Brennan Evans (born January 6, 1982) is a Canadian former professional ice hockey player. He played 13 years in the American Hockey League and with the Calgary Flames of the National Hockey League (NHL).

Playing career

Evans spent four seasons in the Western Hockey League with the Seattle Thunderbirds and Kootenay Ice, winning the Memorial Cup with the Ice in 2002. The Calgary Flames signed Evans on September 30, 2003 as an undrafted free agent. Since turning pro in 2003, Evans has spent most of his career in the American Hockey League, however he was called up to the Flames on an emergency basis during the 2004 Stanley Cup Playoffs due to several injuries to Flames defencemen. He appeared in two games during the Flames series against the Detroit Red Wings. Between 2003 and 2008, Evans has played for the Lowell Lock Monsters, Binghamton Senators, and the Worcester Sharks in the AHL.

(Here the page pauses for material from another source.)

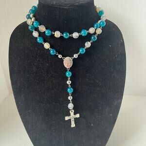 Blue Chalcedony Stone Miraculous Medal Rosary 3D Crucifix Catholic Silver Bead
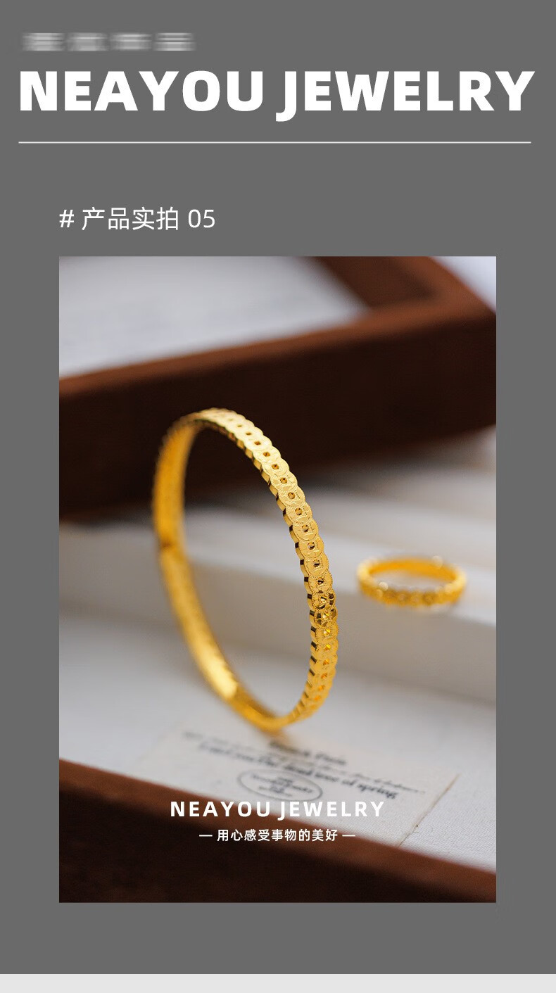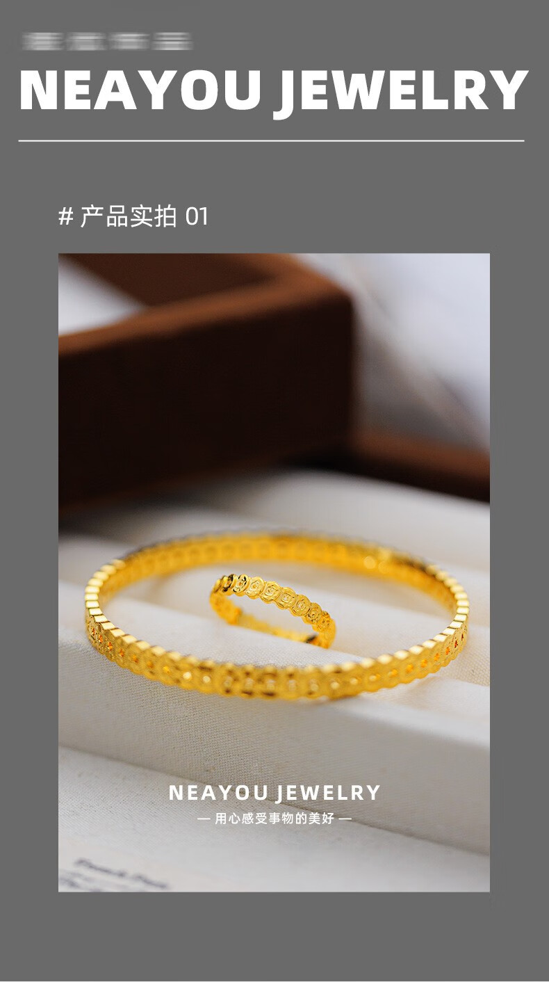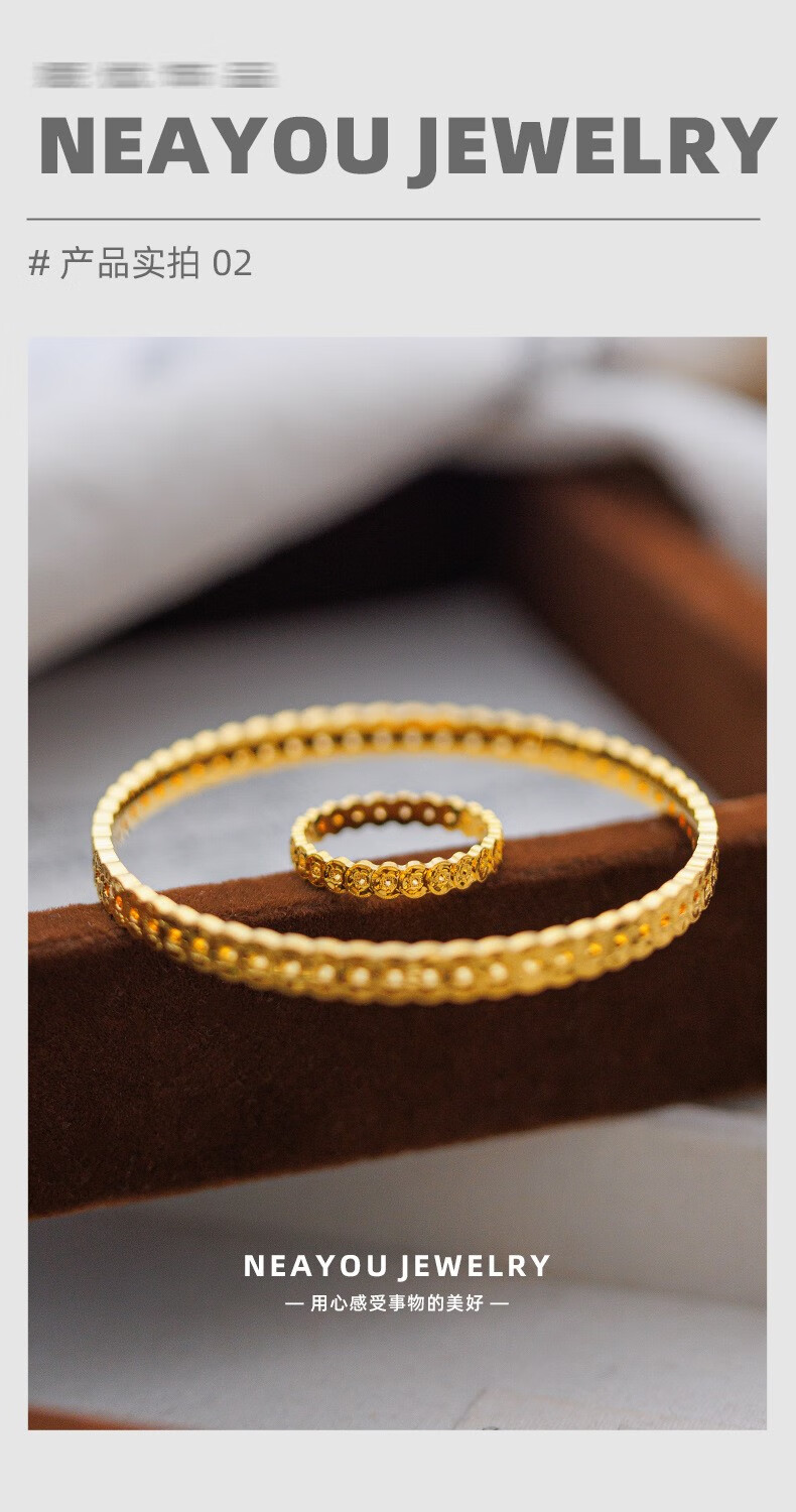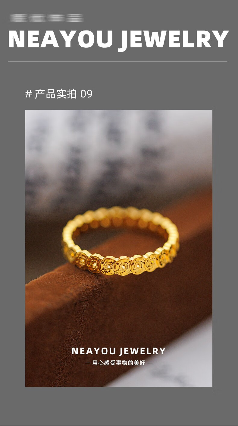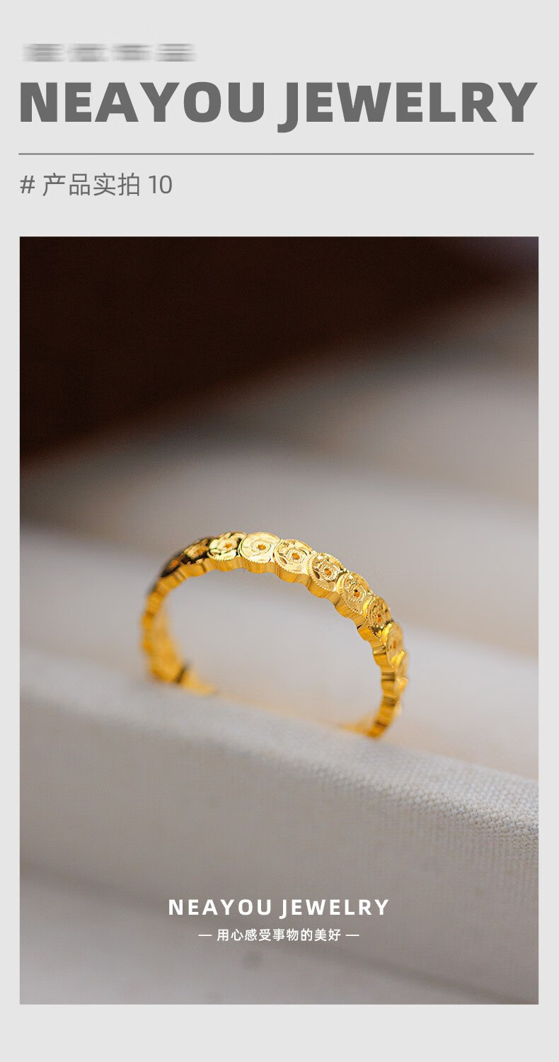 OIDSG Old Phoenix 9995G gold color sand gold 999 broken ice copper coin ring for men and women light luxury hollow coin ring element broken ice copper coin ring No. 8

On July 11, 2008, Evans signed a two-year contract with the Anaheim Ducks. In the 2008–09 season, after attending the Ducks training camp, Evans was then assigned to AHL affiliate, the Iowa Chops, posting 15 points in 75 games for the season. Following the suspension of Iowa at season's end, Evans was loaned from the Ducks to the Toronto Marlies, affiliate of the Toronto Maple Leafs, for the entire 2009–10 campaign leading the Marlies with 15 fights for 199 penalty minutes in 79 games.

On July 11, 2010, Evans left the Ducks organization and signed a two-year deal with the St. Louis Blues. Spending the entire 2010-2011 season with the Blues AHL affiliate, Evans was limited to only 66 games due to injury and suspension. During those 66 games he collected 3 goals, 11 assists, and 113 penalty minutes. All 3 of Evans' goals came in a single game, as he scored his first career hat trick on February 23, against the Texas Stars.

Evans signed a one-year contract with the Grand Rapids Griffins for the 2012–13 AHL season. He did not score during the regular season, but he notched the game-winning goal of the deciding Game 6 of the Calder Cup Finals on June 18. On July 9, 2013, Evans re-signed a one-year contract with the Grand Rapids Griffins for the 2013–14 AHL season.

On August 4, 2015, the Texas Stars signed Evans to a one-year contract.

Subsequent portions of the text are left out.